**Work instructions:** All of the data should be repeated exactly; pictures are not part of the copy.

**Supplied data:**
^^^^

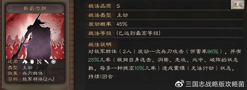 该战法让他能够每回合进行两次普通攻击,搭配强力的突击战法,威力无穷。但太史慈极为惧怕缴械效果,尤其是盛气凌敌这个前两回合稳定缴械指挥战法。建议玩家在战场上多查看同盟战报,避开携带盛气的敌方队伍。
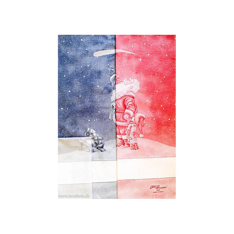 Graziano, Linge de cuisine Père-Noël, rouge (art. CU6213). Dimensions: 60 x 75 cm. Linge de cuisine, 100% coton, avec une bande à broder 5.5 points/cm de 46 points de haut et 42.5 cm de large. Avec l'étoile filante avec un fil doré, à droite sur la photo, dmc correspondant rouge.
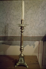 - Facheiro en bronce con pé troncopiramidal apoiado en garras. Nas caras do basamento, imaxes repuxadas do Sagrado Corazón de Xesús, de María e de Xesús Novo portando a cruz. Vástago acanalado, abalaustrado, con estrangulamento na macolla e molduras gallonadas no sumóscapo e remate. Conta con pratiño de cristal voado para recoller a cera. Semellante aos producidos por Meneses.

^^^^

**Written solution:**
 该战法让他能够每回合进行两次普通攻击,搭配强力的突击战法,威力无穷。但太史慈极为惧怕缴械效果,尤其是盛气凌敌这个前两回合稳定缴械指挥战法。建议玩家在战场上多查看同盟战报,避开携带盛气的敌方队伍。
 Graziano, Linge de cuisine Père-Noël, rouge (art. CU6213). Dimensions: 60 x 75 cm. Linge de cuisine, 100% coton, avec une bande à broder 5.5 points/cm de 46 points de haut et 42.5 cm de large. Avec l'étoile filante avec un fil doré, à droite sur la photo, dmc correspondant rouge.
 - Facheiro en bronce con pé troncopiramidal apoiado en garras. Nas caras do basamento, imaxes repuxadas do Sagrado Corazón de Xesús, de María e de Xesús Novo portando a cruz. Vástago acanalado, abalaustrado, con estrangulamento na macolla e molduras gallonadas no sumóscapo e remate. Conta con pratiño de cristal voado para recoller a cera. Semellante aos producidos por Meneses.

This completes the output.